* Available data
════════════════════
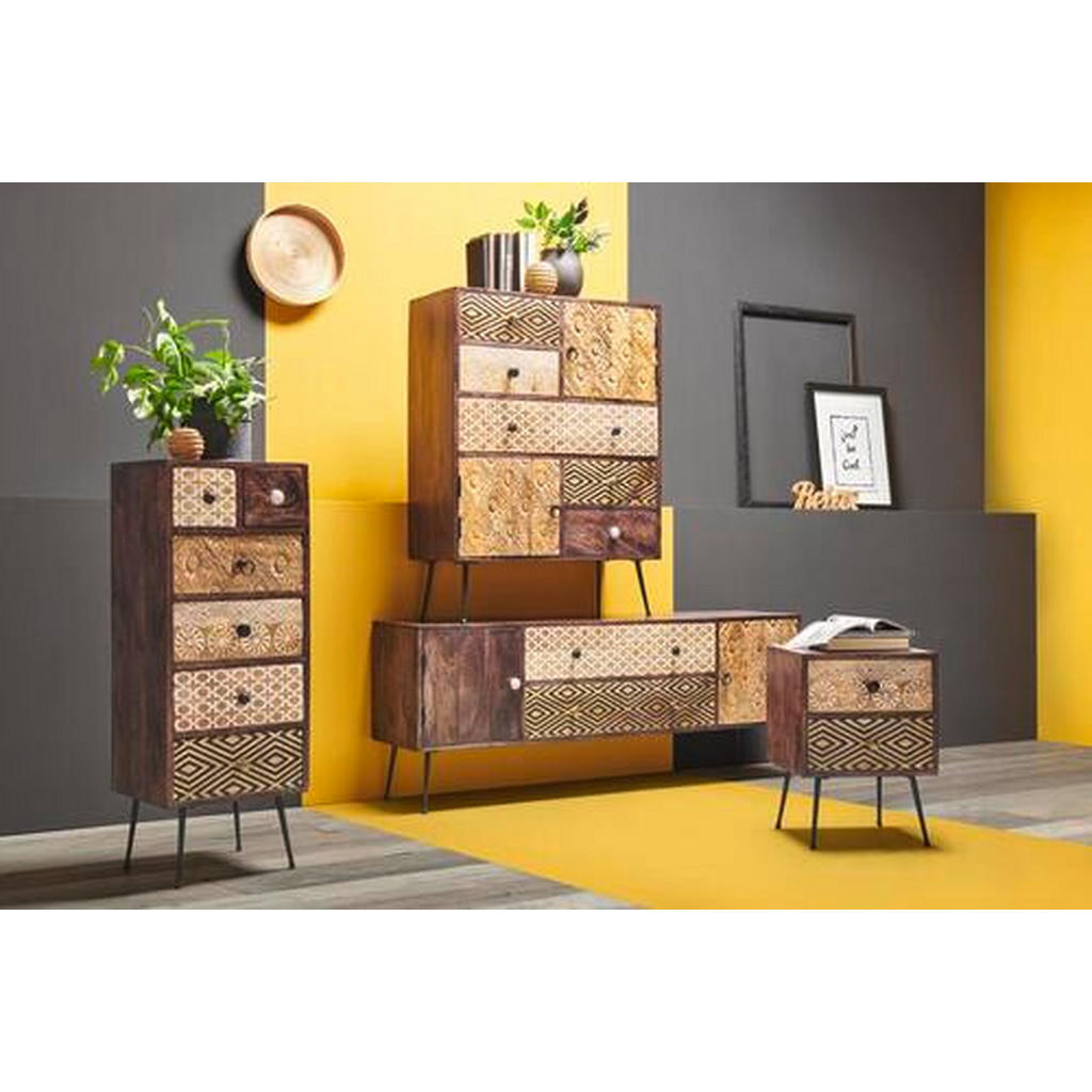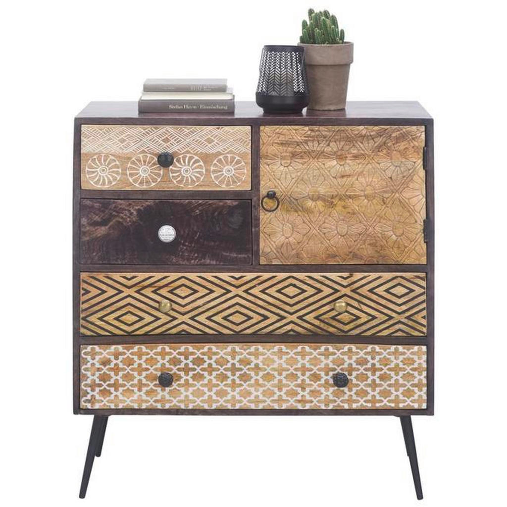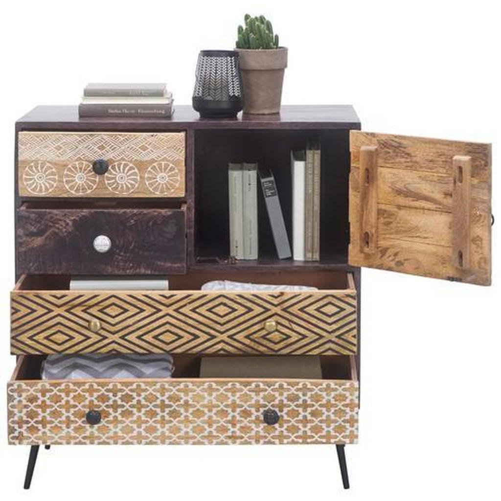Predmeti, razne stvari in pripomočki se pogosto nabirajo v vsakem gospodinjstvu, rešitev za njihovo urejenost pa je izbira prave komode. Komoda namreč omogoča večjo preglednost, s svojo oblikovanostjo pa vdahne prostoru novo vsebino. Komoda je kakovostne znamke Landscape, ki se ponaša z kakovostno izdelanim pohištvom in modernim videzom. Odlikujejo jo različno oblikovani predali in police, ki omogočajo poljubno razporeditev stvari. Komoda je narejena v nevtralni črni barvi in naravni barvi lesa in se zato prilagaja mnogim stilom, poleg svoje prilagodljivosti vsakemu prostoru pa vnaša vanj tudi večjo mero urejenosti. Narejena je iz kakovostnih materialov, masiven les namreč omogoča daljšo življenjsko dobo komode. Dimenzije: 80x90x35 cm
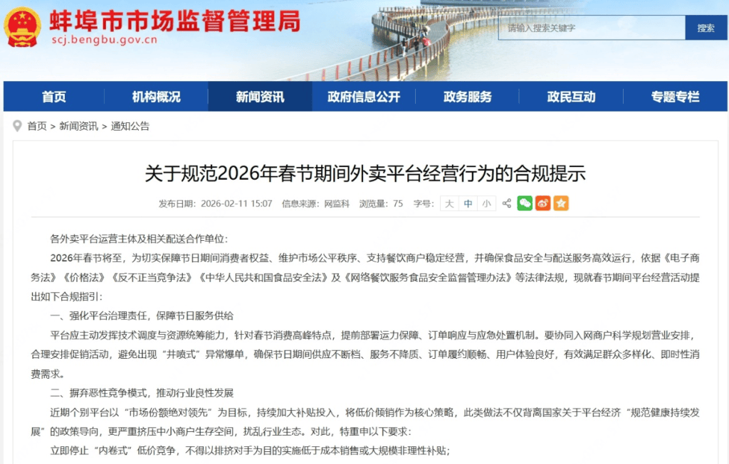 蚌埠市场监管局发布春节外卖合规指引。
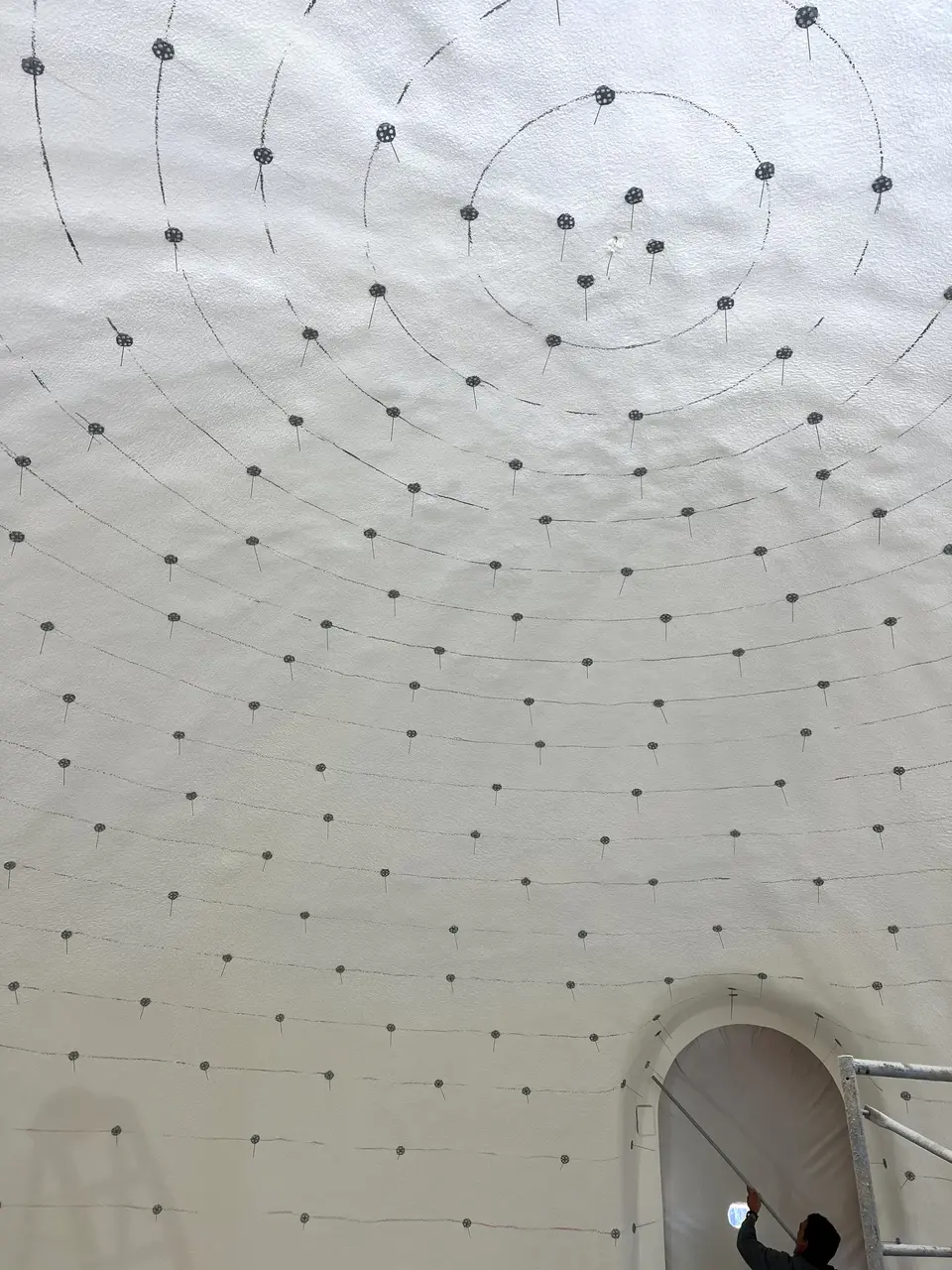 After marking out parallel circles at specific intervals, rebar hangars or stuck into the foam then more foam is applied—embedding the stickers—in preparation for the rebar grid to be installed.
════════════════════
The whole listing above should be restated word for word, minus any images.

Predmeti, razne stvari in pripomočki se pogosto nabirajo v vsakem gospodinjstvu, rešitev za njihovo urejenost pa je izbira prave komode. Komoda namreč omogoča večjo preglednost, s svojo oblikovanostjo pa vdahne prostoru novo vsebino. Komoda je kakovostne znamke Landscape, ki se ponaša z kakovostno izdelanim pohištvom in modernim videzom. Odlikujejo jo različno oblikovani predali in police, ki omogočajo poljubno razporeditev stvari. Komoda je narejena v nevtralni črni barvi in naravni barvi lesa in se zato prilagaja mnogim stilom, poleg svoje prilagodljivosti vsakemu prostoru pa vnaša vanj tudi večjo mero urejenosti. Narejena je iz kakovostnih materialov, masiven les namreč omogoča daljšo življenjsko dobo komode. Dimenzije: 80x90x35 cm
 蚌埠市场监管局发布春节外卖合规指引。
 After marking out parallel circles at specific intervals, rebar hangars or stuck into the foam then more foam is applied—embedding the stickers—in preparation for the rebar grid to be installed.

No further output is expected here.